Kepingin Paham Beberapa Mitos Kewirausahaan? Berikut Ini Ringkasannya

Topik kita sekarang ialah Kepingin Paham Beberapa Mitos Kewirausahaan? Berikut Ini Ringkasannya. Setelah menghalau batasan-batasan yang mencegah cara untuk menjadi wirausaha, Anda kemungkinan terasa lebih siap untuk terjun ke bidang usaha. Namun, tak jarang Anda mendengar hal-hal yang memudarkan keberanian Anda, mitos-mitos yang mengakibatkan Anda jadi berpikir ulang.

Kepingin Paham Beberapa Mitos Kewirausahaan? Berikut Ini Ringkasannya

Kepingin Paham Beberapa Mitos Kewirausahaan? Berikut Ini Ringkasannya

Mitos apa sajakah itu dan seberapa besar kebenarannya?

Mitos 1 : Usaha kecil cuma menambahkan keuntungan yang tidak berarti

Usaha kecil tidak selamanya membuahkan keuntungan yang kecil juga. Hal ini terkait dari kerja kerasnya. Berikut contoh bisnis kecil yang menghasilkan keuntungan artinya yaitu:

Pedagang ikan lele dan pedagang daun pisang

Ada seorang pengusaha dari Balikpapan yang tiap kala melaksanakan penyebrangan. Dia mengemudikan mobil pick up bersama dengan membawa tumpukan daun pisang dan ikan lele didalam jerigen plastik ukuran 25 liter. Pebisnis ini mampu menjajakan 50 ikat daun pisang besar.

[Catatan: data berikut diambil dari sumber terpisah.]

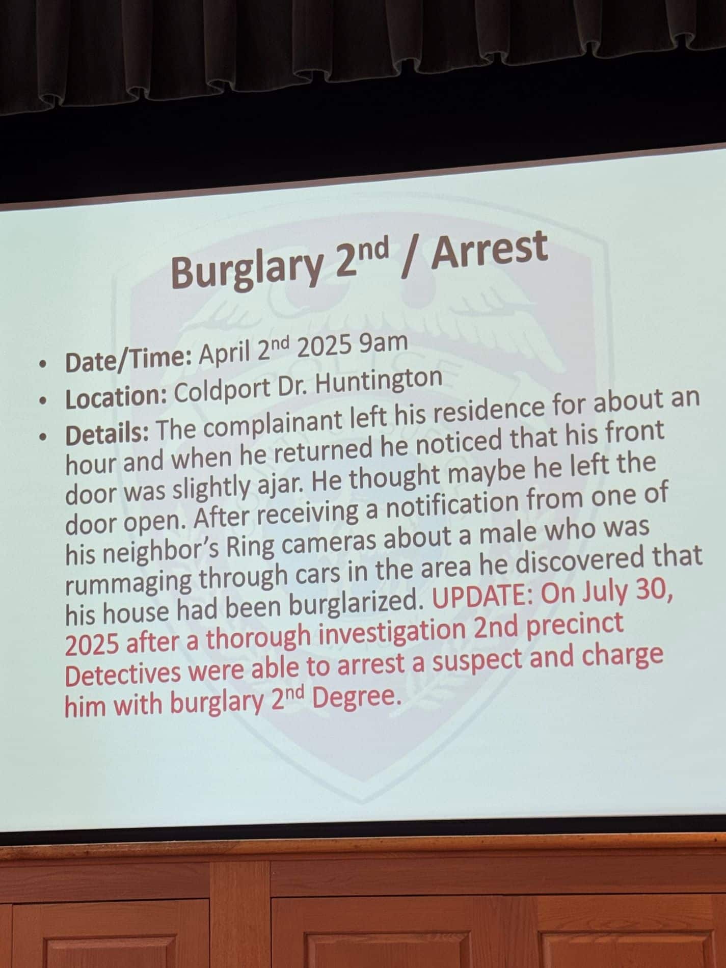🚓 BURGLARY 2ND: Coldport Drive, Huntington. Home invasion that resident realized later. Arrest made.

Kepingin Paham Beberapa Mitos Kewirausahaan? Berikut Ini Ringkasannya

Beliau membeli daun pisang di Long Ikis (daerah transmigrasi) Rp 7.500 per ikat besar, menjual di Balikpapan bersama dengan harga Rp 15.000 sampai Rp 25.000 per ikat. Itu bermakna untungkan kotornya 50 x Rp (Rp 7.500 – Rp 17.500).

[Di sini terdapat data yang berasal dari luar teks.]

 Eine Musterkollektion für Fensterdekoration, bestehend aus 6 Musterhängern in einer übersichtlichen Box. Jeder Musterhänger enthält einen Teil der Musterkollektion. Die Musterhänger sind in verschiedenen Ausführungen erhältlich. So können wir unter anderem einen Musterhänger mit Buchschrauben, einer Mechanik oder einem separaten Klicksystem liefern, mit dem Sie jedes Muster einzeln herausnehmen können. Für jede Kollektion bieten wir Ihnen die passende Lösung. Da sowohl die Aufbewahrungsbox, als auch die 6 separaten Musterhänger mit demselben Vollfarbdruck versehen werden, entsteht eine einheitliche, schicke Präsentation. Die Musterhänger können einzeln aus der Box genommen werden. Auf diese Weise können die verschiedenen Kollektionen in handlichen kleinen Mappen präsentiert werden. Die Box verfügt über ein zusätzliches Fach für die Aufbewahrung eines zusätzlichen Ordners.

Sedangkan untuk ikan lele yang dibeli bersama harga Rp 6.000 per kg dan dijual bersama harga Rp 13.000 per kg. Bila dihitung keuntungan dari keduanya sehabis dikurangi transportasi, sanggup lebih kurang Rp 400.000 hingga Rp 500.000. Lumayan besar bukan!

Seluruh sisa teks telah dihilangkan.